= The Augsburg Chalk Circle =

"The Augsburg Chalk Circle" (Der Augsburger Kreidekreis) is a short story written in 1940 by Bertolt Brecht. The story derives from The Chalk Circle, a 14th-century play by Li Xingdao, and can be seen as a "first draft" for Brecht's subsequent play, The Caucasian Chalk Circle.

==Plot==
===Summary===
The story is set during the Thirty Years War. Zingli, a Protestant of means, delays leaving his home in Augsburg until the Catholic forces are plundering the city. His wife spends too much time packing her clothes, and so is forced to flee emptyhanded, leaving the child behind. Their maid, Anna, a simple girl, rescues the child and flees to her brother's farm in the country.

To avoid humiliation as an unwed mother, Anna claims that she is waiting for her husband to return for her.
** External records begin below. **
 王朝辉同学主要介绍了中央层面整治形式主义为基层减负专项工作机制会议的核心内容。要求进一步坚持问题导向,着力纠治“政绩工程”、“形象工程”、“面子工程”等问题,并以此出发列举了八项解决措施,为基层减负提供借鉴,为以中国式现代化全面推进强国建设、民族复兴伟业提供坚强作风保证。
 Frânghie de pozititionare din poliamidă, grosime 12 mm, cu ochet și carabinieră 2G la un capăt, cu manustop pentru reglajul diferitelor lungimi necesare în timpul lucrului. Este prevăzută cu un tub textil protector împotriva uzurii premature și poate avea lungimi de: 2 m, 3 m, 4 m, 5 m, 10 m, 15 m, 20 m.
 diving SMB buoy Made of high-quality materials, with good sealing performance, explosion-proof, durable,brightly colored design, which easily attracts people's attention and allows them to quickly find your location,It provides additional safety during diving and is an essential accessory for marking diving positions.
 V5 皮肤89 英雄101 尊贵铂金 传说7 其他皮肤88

Given the nature of the war, the ruse is plausible for a time, but eventually, to avoid suspicion and possible eviction, she feels compelled to produce a husband. She marries a man who is on his deathbed, expecting to be a widow soon; however, he recovers and she must live with him for a few years.
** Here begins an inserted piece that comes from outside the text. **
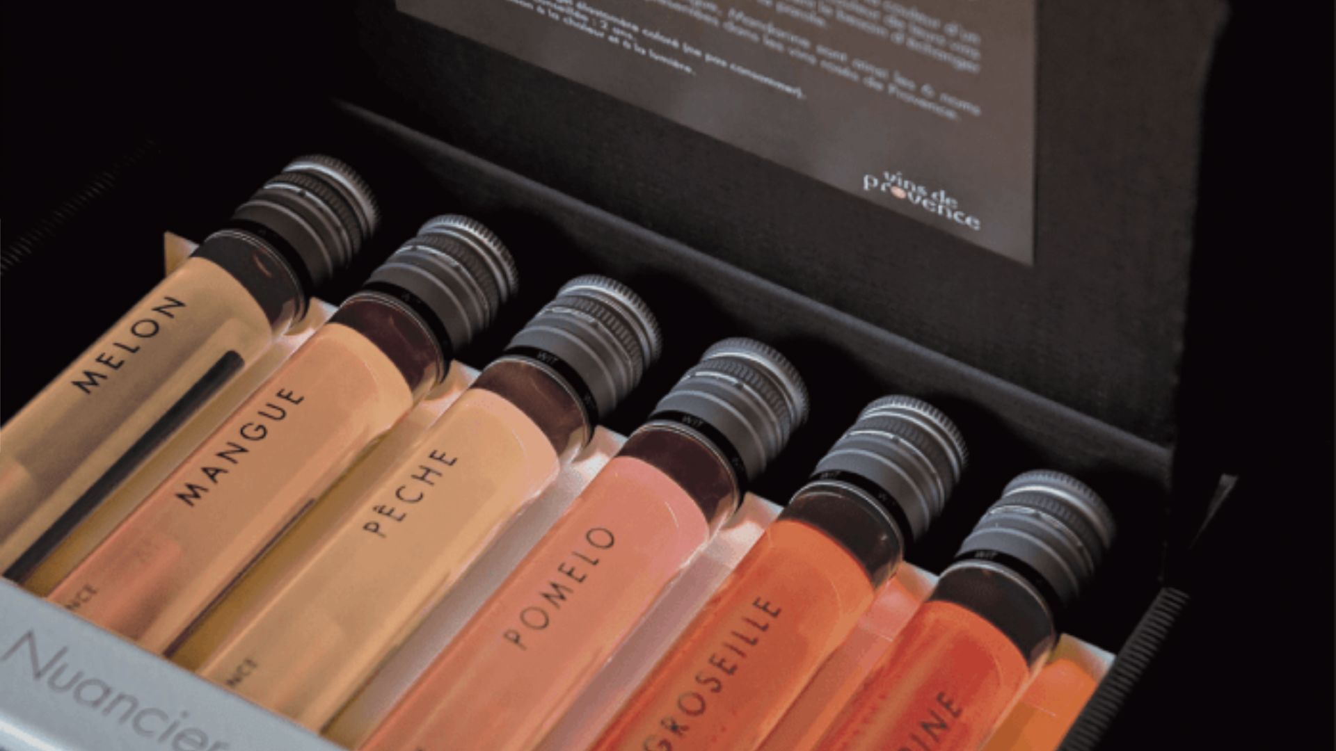 Les couleurs: dans l’ordre de préférence des consommateurs : Pêche, Melon, Mangue, Pomelo, Mandarine et Groseille sont les noms des 6 principales couleurs des vins rosés élaborés en Provence.

When the war ends, Frau Zingli returns to reclaim her son. Ignatz Dollinger, a wise judge, cannot determine who is the real mother, so enacts a version of the Judgment of Solomon. The child is placed inside a chalk circle with two ropes tied around him: one in the hands of each claimant. Anna is unwilling to risk harm to the child, so pulls only lightly, while Frau Zingli pulls with force that could have "ripped the child in two." Although Anna appears to have lost the contest, the wise judge rules that, having shown the greater love, Anna is the fit and rightful mother.
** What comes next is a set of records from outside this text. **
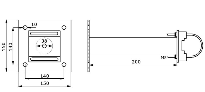 Uchwyt masztu antenowego - murowy 20 cm.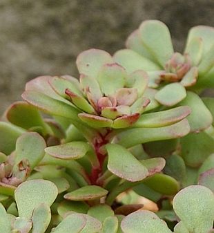 Sedum glaucophyllum je opět druh, který bývá často zaměňován a nesprávně označován jako Sedum nevii, které je poměrně vzácné a kultivace bývá spíše sbírkovou záležitostí. Sedum glaucophyllum je původem z Apalačských hor v USA, kde roste na polostinných kamenitých stráních od 500 do 1200 n.m. Je to pomalu rostoucí druh, tvořící malé, spirálovité, přisedlé růžice o průměru až 2,5cm. Bílé , čtyřčetné květy se objevují v časném létě.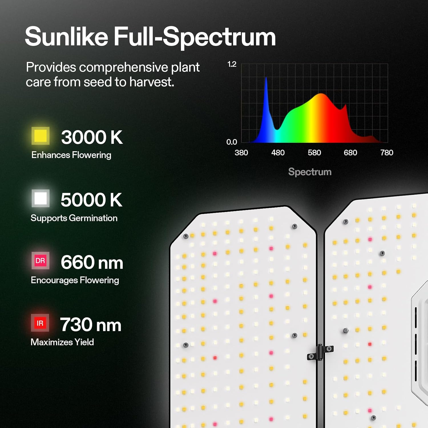 Uniform Light and Air: The hollow light design allows air to circulate more efficiently; Special air-guiding designs incorporate angles that direct wind uniformly across the plant canopy; Foldable design with two angle-adjustable wings offers versatile light distribution for enhanced flexibility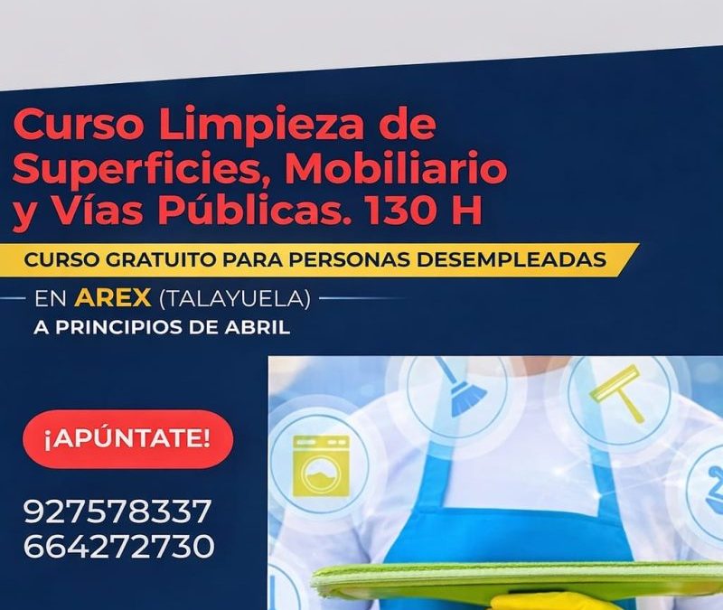 CURSO GRATUITO EN CENTRO DE FORMACIÓN AREX (Talayuela) Dirigido a personas en situación de desempleo. 🧼CRUZ ROJA – PLAN DE EMPLEO Curso: Limpieza de Superficies, Mobiliario y Vías Públicas Duración: 130 horas 📅Inicio previsto: Principios de Abril...

===Differences from the original===
While the essential form of the story and its resolution remain the same as in the original play, there are several important differences. Most obviously, the setting is changed from Imperial China to Germany, but the period chosen (the greatest civil war in the turbulent history of that country) has important consequences for the story.

Notably:
- The cause of the conflict is not personal (jealousy), but political (the division between Catholics and Protestants).
- The heroine must engage in a deception to preserve her status in the community.
- The nature of the heroine's claim on the child is changed from biological mother to de facto adoption.
- The just reason to deny the wife's claim is changed from lack of biological status to neglect: she loses control of the child because she is more concerned with her clothes than with her maternal duty.
- The Imperial intervention at the end of the story becomes unnecessary and out of place, and is therefore dropped.